WHAT IS NEEDED ->
The answer must be the data, repeated exactly.
Segment Start: SUPPLIED MATERIAL
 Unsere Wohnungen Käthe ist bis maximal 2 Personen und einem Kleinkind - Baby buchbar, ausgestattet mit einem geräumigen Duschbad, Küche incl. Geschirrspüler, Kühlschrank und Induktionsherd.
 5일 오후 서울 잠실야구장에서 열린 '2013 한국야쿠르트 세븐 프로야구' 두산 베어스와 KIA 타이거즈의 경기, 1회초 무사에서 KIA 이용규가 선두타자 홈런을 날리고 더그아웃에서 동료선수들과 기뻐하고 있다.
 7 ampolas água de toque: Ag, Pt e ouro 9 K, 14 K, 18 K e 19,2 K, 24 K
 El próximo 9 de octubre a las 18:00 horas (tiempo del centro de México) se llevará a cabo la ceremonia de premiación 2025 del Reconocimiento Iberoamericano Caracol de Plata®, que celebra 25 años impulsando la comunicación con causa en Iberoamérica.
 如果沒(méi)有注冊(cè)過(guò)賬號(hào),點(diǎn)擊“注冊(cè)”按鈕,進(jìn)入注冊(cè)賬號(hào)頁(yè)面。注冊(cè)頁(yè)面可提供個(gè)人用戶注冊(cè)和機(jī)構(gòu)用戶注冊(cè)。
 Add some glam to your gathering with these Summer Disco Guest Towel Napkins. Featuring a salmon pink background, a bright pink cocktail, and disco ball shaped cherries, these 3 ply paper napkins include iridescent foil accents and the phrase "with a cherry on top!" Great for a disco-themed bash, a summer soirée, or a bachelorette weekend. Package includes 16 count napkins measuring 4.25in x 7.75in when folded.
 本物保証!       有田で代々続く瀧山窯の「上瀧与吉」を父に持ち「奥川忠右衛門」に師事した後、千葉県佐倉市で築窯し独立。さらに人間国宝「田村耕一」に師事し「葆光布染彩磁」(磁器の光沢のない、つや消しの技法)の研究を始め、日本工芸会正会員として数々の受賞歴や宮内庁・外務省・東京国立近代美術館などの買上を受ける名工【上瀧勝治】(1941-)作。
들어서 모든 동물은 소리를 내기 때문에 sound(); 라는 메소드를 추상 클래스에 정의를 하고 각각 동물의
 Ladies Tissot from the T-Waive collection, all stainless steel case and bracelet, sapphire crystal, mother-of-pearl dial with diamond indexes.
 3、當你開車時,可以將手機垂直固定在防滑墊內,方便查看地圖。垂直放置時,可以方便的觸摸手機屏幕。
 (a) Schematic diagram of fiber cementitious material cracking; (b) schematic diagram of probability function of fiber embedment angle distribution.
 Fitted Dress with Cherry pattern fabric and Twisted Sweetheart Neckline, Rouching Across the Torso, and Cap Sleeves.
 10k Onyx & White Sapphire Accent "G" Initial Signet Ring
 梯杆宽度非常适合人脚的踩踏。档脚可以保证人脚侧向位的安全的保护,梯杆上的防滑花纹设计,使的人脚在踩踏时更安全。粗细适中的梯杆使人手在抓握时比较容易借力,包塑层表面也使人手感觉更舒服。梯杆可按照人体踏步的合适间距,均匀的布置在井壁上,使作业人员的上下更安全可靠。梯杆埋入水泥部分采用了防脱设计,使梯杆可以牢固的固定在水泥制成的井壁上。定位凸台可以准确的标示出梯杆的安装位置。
Segment End: SUPPLIED MATERIAL
WRITTEN ANSWER ->
 Unsere Wohnungen Käthe ist bis maximal 2 Personen und einem Kleinkind - Baby buchbar, ausgestattet mit einem geräumigen Duschbad, Küche incl. Geschirrspüler, Kühlschrank und Induktionsherd.
 5일 오후 서울 잠실야구장에서 열린 '2013 한국야쿠르트 세븐 프로야구' 두산 베어스와 KIA 타이거즈의 경기, 1회초 무사에서 KIA 이용규가 선두타자 홈런을 날리고 더그아웃에서 동료선수들과 기뻐하고 있다.
 7 ampolas água de toque: Ag, Pt e ouro 9 K, 14 K, 18 K e 19,2 K, 24 K
 El próximo 9 de octubre a las 18:00 horas (tiempo del centro de México) se llevará a cabo la ceremonia de premiación 2025 del Reconocimiento Iberoamericano Caracol de Plata®, que celebra 25 años impulsando la comunicación con causa en Iberoamérica.
 如果沒(méi)有注冊(cè)過(guò)賬號(hào),點(diǎn)擊“注冊(cè)”按鈕,進(jìn)入注冊(cè)賬號(hào)頁(yè)面。注冊(cè)頁(yè)面可提供個(gè)人用戶注冊(cè)和機(jī)構(gòu)用戶注冊(cè)。
 Add some glam to your gathering with these Summer Disco Guest Towel Napkins. Featuring a salmon pink background, a bright pink cocktail, and disco ball shaped cherries, these 3 ply paper napkins include iridescent foil accents and the phrase "with a cherry on top!" Great for a disco-themed bash, a summer soirée, or a bachelorette weekend. Package includes 16 count napkins measuring 4.25in x 7.75in when folded.
 本物保証!       有田で代々続く瀧山窯の「上瀧与吉」を父に持ち「奥川忠右衛門」に師事した後、千葉県佐倉市で築窯し独立。さらに人間国宝「田村耕一」に師事し「葆光布染彩磁」(磁器の光沢のない、つや消しの技法)の研究を始め、日本工芸会正会員として数々の受賞歴や宮内庁・外務省・東京国立近代美術館などの買上を受ける名工【上瀧勝治】(1941-)作。
들어서 모든 동물은 소리를 내기 때문에 sound(); 라는 메소드를 추상 클래스에 정의를 하고 각각 동물의
 Ladies Tissot from the T-Waive collection, all stainless steel case and bracelet, sapphire crystal, mother-of-pearl dial with diamond indexes.
 3、當你開車時,可以將手機垂直固定在防滑墊內,方便查看地圖。垂直放置時,可以方便的觸摸手機屏幕。
 (a) Schematic diagram of fiber cementitious material cracking; (b) schematic diagram of probability function of fiber embedment angle distribution.
 Fitted Dress with Cherry pattern fabric and Twisted Sweetheart Neckline, Rouching Across the Torso, and Cap Sleeves.
 10k Onyx & White Sapphire Accent "G" Initial Signet Ring
 梯杆宽度非常适合人脚的踩踏。档脚可以保证人脚侧向位的安全的保护,梯杆上的防滑花纹设计,使的人脚在踩踏时更安全。粗细适中的梯杆使人手在抓握时比较容易借力,包塑层表面也使人手感觉更舒服。梯杆可按照人体踏步的合适间距,均匀的布置在井壁上,使作业人员的上下更安全可靠。梯杆埋入水泥部分采用了防脱设计,使梯杆可以牢固的固定在水泥制成的井壁上。定位凸台可以准确的标示出梯杆的安装位置。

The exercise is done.